Revised ethics opinion: Judges should disclose prior prosecutions but assess recusal individually” —

  • “A judge is not required to automatically recuse themselves from all cases involving defendants they previously prosecuted. Instead, the judge must assess each case individually to determine if recusal is necessary, taking into account the specific circumstances of the case, according to the [Florida] Judicial Ethics Advisory Committee.”
  • “‘Additionally, if a judge is aware of his or her involvement in a prior prosecution, the judge must disclose the relevant facts to the defendant even if the facts do not require automatic recusal,’ the ethics panel said in Opinion Number 2024-12 (Amended).”

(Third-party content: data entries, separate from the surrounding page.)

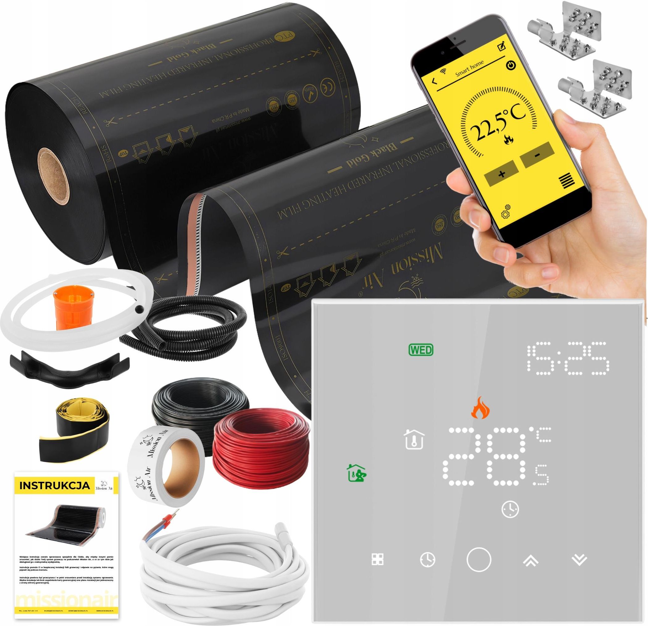 Mission Air® Black Gold PTC 160W/m² Zestaw ogrzewania na podczerwień, który możemy zastosować jako Ogrzewanie podłogowe Ogrzewanie ścienne Ogrzewanie sufitowe Ogrzewanie pod lustro ( antypara ) Skład zestawu Folia grzewcza na podczerwień BLACK GOLD PTC: Moc folii: 160 W/m² Szerokość: 100 cm Powierzchnia grzewcza: 8 m² Sterownik programowalny z obsługą WiFi oraz odbiornikiem radiowym MissionAir® Gemini Black Taśma samoprzylepna montażowa - 1 szt. Zestaw przyłączeniowy: Konektory przyłączeniowe - 6szt Taśma samowulkanizująca - 54cm Zestaw instalacyjny Puszka elektryczna podtynkowa -1szt Peszel ochronny przewodów -1szt Przewody zasilające 2,5 mm² w dwóch kolorach: Kolor X: 10 mb Kolor Y: 10 mb Działanie folii grzewczej na podczerwień marki MissionAir Nowoczesna folia grzewcza na podczerwień to rodzaj niezwykle cienkiego promiennika podczerwieni, który przeznaczony jest do wykorzystania w ogrzewaniu podłogowym, ściennym oraz sufitowym. Może posłużyć również jako ogrzewanie luster, tzw. antypara. Folia grzewcza skutecznie wytwarza opór elektryczny na pasmach grafitu, który oddawany jest w postaci promieniowania podczerwonego o długiej fali. Dzięki temu ogrzewanie takie jest w pełni bezpieczne dla zdrowia i nie przenika do głębszych tkanek skóry. Ciepło emitowane przez folię odczuwalne jest przez organizmy żywe i ogrzewa również przedmioty bez strat energii na ogrzewanie powietrza. Zastosowanie folii na podczerwień w ogrzewaniu podłogowym, pozwala osiągnąć tak bardzo przez nas lubiany efekt ciepłej podłogi. Nowoczesna technologia PTC Folie grzewcze na podczerwień Mission Air® z serii Black Gold posiadają technologię PTC, która jest unikalna w swojej klasie! PTC funkcjonuje na zasadzie wzrostu rezystancji obwodu wraz ze wzrostem temperatury. W następstwie skutkuje to zjawiskiem obniżenia prądu przepływającego przez element grzewczy. Możemy zatem śmiało stwierdzić, że moc obwodu maleje wraz ze wzrostem temperatury. Dzięki swojej samoregulacji elementy grzejne PTC nie mogą się przegrzewać, co sprawia, że jest to szczególnie bezpieczna i niezawodna technologia grzewcza. Zdecydowaną zaletą płynącą z zastosowania technologii PTC jest zauważalnie mniejsze zużycie energii elektrycznej w porównaniu z tradycyjnym systemem grzewczym. Szeroki wybór folii grzewczych W naszej ofercie znajdują się folię o różnych mocach: 140 W/m² 160 W/m² Black Silver 160 W/m² Black Gold PTC 220 W/m² Dostępne są również różne szerokości 30 cm (Black Silver) 50 cm 100 cm Możliwość cięcia co 25 cm w wyznaczonym miejscu na tylnej stronie. Dobierz system idealnie dopasowany do swoich potrzeb! Nowoczesny regulator temperatury Mission Air® GEMINI Black Nowoczesny design Obsługa WiFi Współpraca z asystentem głosowym Google Home oraz Amazon Alexa Dwie niezależne jednostki- komunikacja radiowa Wybór systemu ogrzewania podłogowego powiązany jest również z odpowiednim doborem regulatora temperatury. Programowalny radiowy regulator temperatury GEMINI to zestaw składający się z regulatora temperatury oraz odbiornika, które łączą się ze sobą za pomocą połączenia radiowego. Jednostką sterującą możemy zarządzać zdalnie za pomocą domowej sieci WiFi na smartfonie lub tablecie z system Android lub iOS. Niewątpliwą zaletą jest fakt, że jednostka sterująca nie wymaga podłączenia do sieci, zasilana jest bateryjnie. Dzięki temu możemy ją ulokować w dowolnym miejscu w pomieszczeniu. Regulator wyposażony jest w czujnik temperatury pokojowej, wbudowany w jednostkę sterującą. Sterowanie Wi-Fi oraz komendy głosowe Regulatorem MissionAir GEMINI możemy sterować na dwa sposoby: Sterowanie manualne za pomocą dotykowego panelu, Sterowanie zdalne z wykorzystaniem domowej sieci Wi-Fi, poprzez darmową aplikację mobilną SmartLife zainstalowaną na smartfonie lub tablecie. Z poziomu aplikacji możemy sterować większością ustawień i parametrów sterownika. Dodatkowo Regulator GEMINI umożliwia sterowanie głosowe za pomocą asystentów Amazon Echo oraz Google Home Zarządzanie temperaturą w domu jeszcze nigdy nie było tak wygodne! Dowolność montażu Dzięki niezależnemu zasilaniu (2xAA lub USB) oraz łączności radiowej, sterownik może zostać umiejscowiony w dowolnym miejscu w pomieszczeniu. 2 sposoby montażu do wyboru wiszący naścienny stojący W skład zestawu wchodzi specjalnie zaprojektowana podpórka montowana na tylnym panelu sterownika. Dzięki niej sterownik możemy postawić na półce lub szafce. Sterownik możemy również oczywiście powiesić na ścianie dzięki specjalnym otworom montażowym w tylnej części obudowy. Nowoczesny, minimalistyczny design sterownika Mission Air GEMINI sprawia, że może on stać się ozdobą każdego pomieszczenia. Odbiornik radiowy Dedykowany do połączenia sterownika z elektrycznym systemem grzewczym. Odbiornik przystosowany jest do montażu z wykorzystaniem standardowej puszki podtynkowej Ø 60 mm (dołączona do zestawu). Zestaw GEMINI przystosowany jest do sterowania zestawami ogrzewania wykorzystującymi elektryczne maty grzewcze pod płytki lub panele podłogowe maty grzewcze na podczerwień IR Samodzielny system grzewczy System ogrzewania z wykorzystaniem folii grzewczych na podczerwień to obecnie najbardziej wydajny i najbardziej energooszczędny system grzewczy dostępny na rynku. Folie grzewcze charakteryzują się niezwykle szybkim czasem reakcji termicznej, szczególnie w porównaniu z tradycyjnym podłogowym ogrzewaniem wodnym. Ciepło emitowane przez system odczuwalne jest niemal natychmiastowo po rozpoczęciu pracy. Prawidłowo zaprojektowany system z wykorzystaniem folii grzewczych z serii Black Gold, z powodzeniem może pełnić rolę jedynego i samodzielnego ogrzewania w pomieszczeniu. Oszczędzaj z Mission Air®! Ciągle rosnące koszty tradycyjnego ogrzewania gazowego oraz szybujące w górę ceny węgla zdecydowanie prz
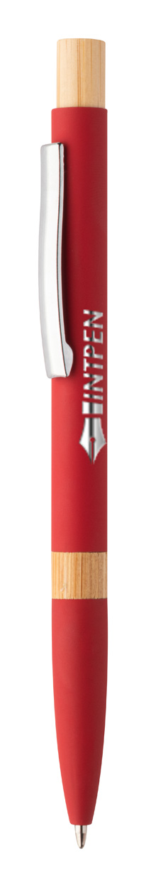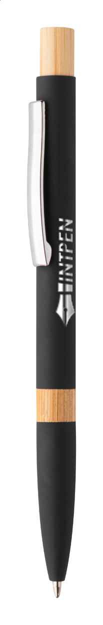 Kugelschreiber aus recyceltem Aluminium mit Bambus-Elementen, gummierter Oberfläche und verchromten Clip. Mit Spezialbeschichtung für Spiegelgravuren. Blauschreibend.
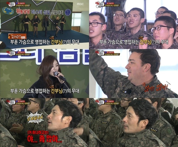 이날 멤버들은 수색대대 최고 몸짱을 찾는 행사에 참여했다. 사회자를 맡은 김수로는 트레이너 숀리와 지나를 소개했다. 숀리가 등장할 때와 달리 지나가 등장하자 병사들의 함성은 폭발적이이었다.
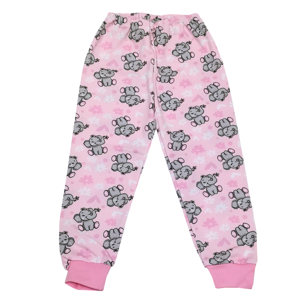 Брючки пижамные, из х/б трикотажа с красочным принтом "Слоник с цветочком". В поясе на закрытой резинке, снизу на трикотажных манжетах.

  • “The amended opinion issued August 27, recedes from the original version issued August 2 that opined that judges must recuse from all cases involving defendants whom the judge previously prosecuted.”
  • “‘The test for appearance of impropriety is whether the conduct would create in reasonable minds, with knowledge of all the relevant circumstances that a reasonable inquiry would disclose, a perception that the judge’s ability to carry out judicial responsibilities with integrity, impartiality, and competence is impaired,’ the ethics panel said citing commentary to Canon 2A. ‘Additionally, the Commentary to Canon 3(E)(1) states clearly that, ‘…a judge is disqualified whenever the judge’s impartiality might reasonably be questioned, regardless of whether any of the specific rules in Section 3E(1) apply.'”
  • “The panel said the inquiring judge may need to recuse from a case but must evaluate each case individually…The rules require that the inquiring judge disqualify himself or herself where his or her impartiality might reasonably be questioned.”
  • “The committee noted that one JEAC member expressed an opposing view and believes that a former prosecution by the judge would always call into question the judge’s impartiality. That committee member prefers the ‘bright line’ position that a judge must recuse from all cases involving a defendant who the judge previously prosecuted.”